Rachel Cooper from the MRC Unit for Lifelong Health and Ageing at UCL will lead a project utilising data from six CLOSER studies to address two main objectives: identify all measures of physical activity and sedentary behaviour available within each study, document these and, undertake data harmonisation where possible. Secondly to test whether associations between lifetime socioeconomic position and physical activity vary by age, sex and ethnicity in Understanding Society, and later by age, sex and birth year in coordinated analyses of the British birth cohorts and ALSPAC.

Work Package 16: Maximising the take up of mental health measures from UK cohorts and longitudinal studies

Alison Park, CLOSER Director, and Louise Arseneault, ESRC Mental Health Leadership Fellow, will lead a project to compile, organise, generate and disseminate information about existing measures of mental health and wellbeing in UK cohorts and longitudinal studies to make them more visible and accessible to a wide group of researchers across different disciplines. The project will develop a survey of available mental health and wellbeing measures in the UK and international cohorts studies; create a web platform of mental health measures in the cohorts; and promote the use of mental health measures in the studies.

Work Package 17: Scoping existing dietary data available in CLOSER to support cross-cohort research questions

This project, led by Jane Maddock from the MRC Unit for Lifelong Health and Ageing at UCL, aims to document, describe and make comparisons between the available dietary intake information across CLOSER cohorts. It will also examine the association between harmonised measures of diet across the life course and allostatic load, as a marker of ageing.

Work Package 18: The creation of a life course methylome through data harmonisation in CLOSER studies

Esther Walton from the MRC Integrative Epidemiology Unit at the University of Bristol is leading a project to synthesise a life course methylome by combining, harmonising and analysing DNA methylation data from CLOSER and non-CLOSER studies spanning age groups from 0 to 100. This map of variation in methylation across the life course will help identify eras that show most variability and these may highlight critical windows for healthy development or disease vulnerability.

Work Package 19: Assessment and harmonisation of cognitive measures in British birth cohorts

Vanessa Moulton, Centre for Longitudinal Studies at the UCL Institute of Education, will lead a project to test the reliability and validity of the cognitive measures in the cohort studies. As well as providing guidance for analysts on these measures, this project will be valuable for future cohorts, by identifying which cognitive measures are likely to add most value to future datasets.

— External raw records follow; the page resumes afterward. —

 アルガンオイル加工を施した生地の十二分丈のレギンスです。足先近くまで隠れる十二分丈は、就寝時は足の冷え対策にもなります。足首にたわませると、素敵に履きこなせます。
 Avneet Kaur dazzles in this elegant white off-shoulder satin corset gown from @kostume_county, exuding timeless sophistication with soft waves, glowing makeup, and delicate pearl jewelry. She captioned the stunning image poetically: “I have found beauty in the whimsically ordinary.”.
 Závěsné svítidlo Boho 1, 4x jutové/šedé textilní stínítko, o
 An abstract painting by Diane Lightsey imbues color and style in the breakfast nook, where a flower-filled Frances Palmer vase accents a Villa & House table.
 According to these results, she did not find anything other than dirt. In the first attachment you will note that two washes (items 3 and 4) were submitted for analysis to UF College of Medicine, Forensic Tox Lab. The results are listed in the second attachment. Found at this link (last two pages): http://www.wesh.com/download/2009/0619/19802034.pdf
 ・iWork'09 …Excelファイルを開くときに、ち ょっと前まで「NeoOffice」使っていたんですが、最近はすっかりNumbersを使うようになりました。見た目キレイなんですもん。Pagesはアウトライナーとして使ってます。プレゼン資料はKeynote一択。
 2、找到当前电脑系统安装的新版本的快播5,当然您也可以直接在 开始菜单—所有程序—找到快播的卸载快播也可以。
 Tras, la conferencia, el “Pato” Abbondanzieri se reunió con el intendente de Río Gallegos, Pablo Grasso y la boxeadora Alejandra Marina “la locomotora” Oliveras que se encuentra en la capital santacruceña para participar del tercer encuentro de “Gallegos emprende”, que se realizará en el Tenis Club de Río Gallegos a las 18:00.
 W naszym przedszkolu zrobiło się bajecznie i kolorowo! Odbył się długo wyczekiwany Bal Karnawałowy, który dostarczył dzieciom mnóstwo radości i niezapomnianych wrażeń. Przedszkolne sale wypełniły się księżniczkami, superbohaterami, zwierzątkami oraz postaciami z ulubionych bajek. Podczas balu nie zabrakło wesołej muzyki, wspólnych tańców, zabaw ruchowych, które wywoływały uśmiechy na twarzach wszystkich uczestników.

Work Package 20: Harmonisation of mental health measures in British birth cohorts

The project, led by George Ploubidis from the Centre for Longitudinal Studies at the UCL Institute of Education, aims to document and then harmonise existing mental health measures over the life course in five British birth cohorts. The harmonised measures will allow the project to investigate and compare the development of common mental disorder over the life course in different generations, as well as test whether mental health is improving or declining in more recently born cohorts that are expected to live longer.